## THE DATA
====

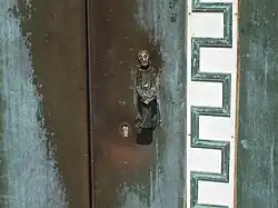 Der Türgriff mit einer Darstellung des Evangelisten Johannes (Teilansicht der Eingangstür)
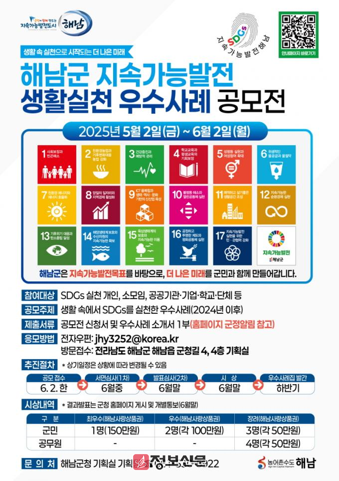 해남군 관계자는“지속가능발전은 군민 한 사람, 한 사람의 자발적인 실천에서 출발한다”며“이번 공모전을 통해 우리 생활 속에서 자연스럽게 실천되고 있는 다양한 사례들이 발굴·공유됨으로써 해남의 지속가능한 미래를 함께 만들어가는 계기가 되기를 기대한다”고 전했다.
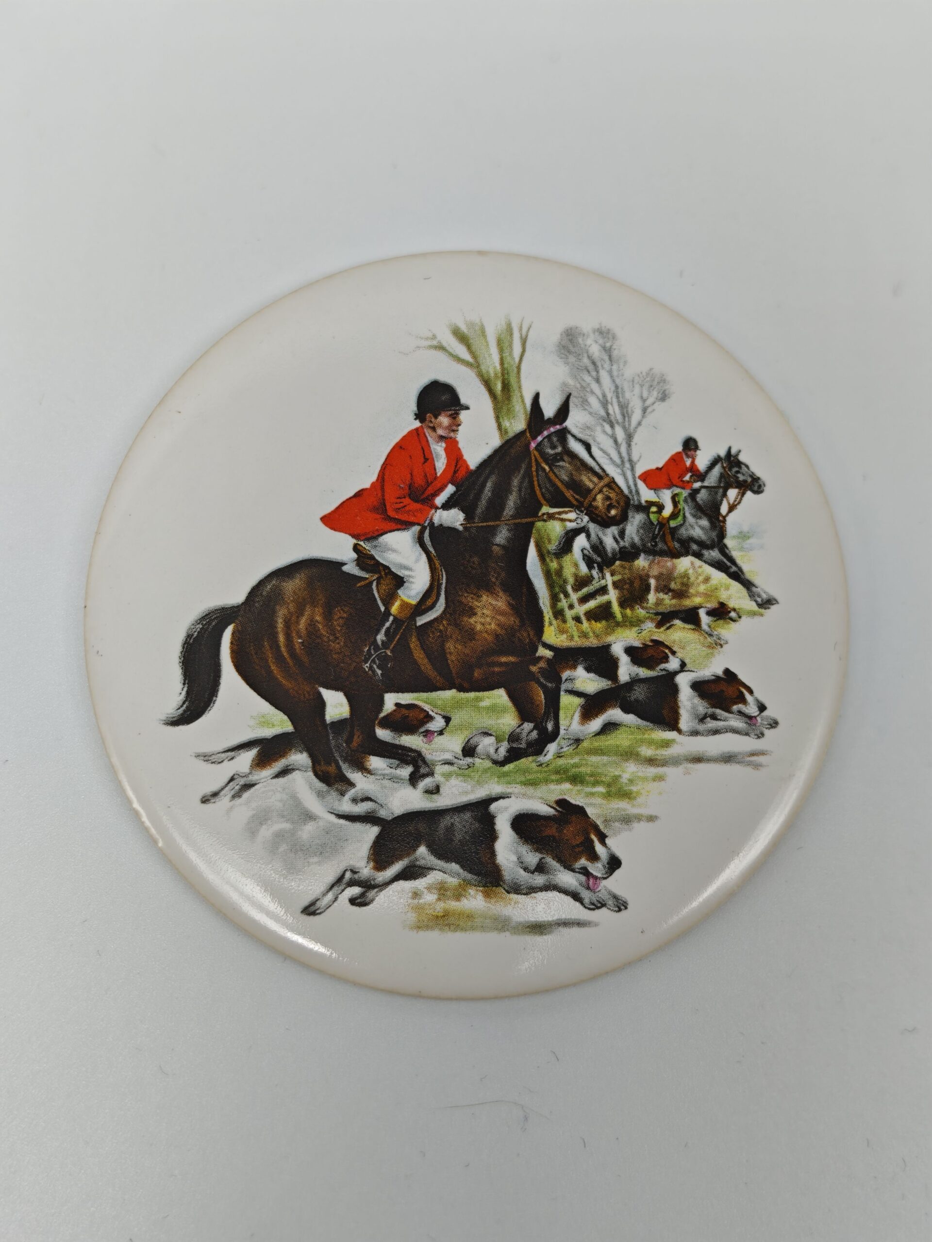 Винтажная подставка под горячее/костер из фарфора. Англия. Охота. H R Jonson ltd Диаметр 9 см

====

## HOW TO COMPLETE THIS TASK
The lines from the one that contains "사람의 자발적인 실천에서" through the end of the data, repeated exactly and with no pictures, make up the whole answer.

## RESPONSE FOR THIS EXERCISE
 해남군 관계자는“지속가능발전은 군민 한 사람, 한 사람의 자발적인 실천에서 출발한다”며“이번 공모전을 통해 우리 생활 속에서 자연스럽게 실천되고 있는 다양한 사례들이 발굴·공유됨으로써 해남의 지속가능한 미래를 함께 만들어가는 계기가 되기를 기대한다”고 전했다.
 Винтажная подставка под горячее/костер из фарфора. Англия. Охота. H R Jonson ltd Диаметр 9 см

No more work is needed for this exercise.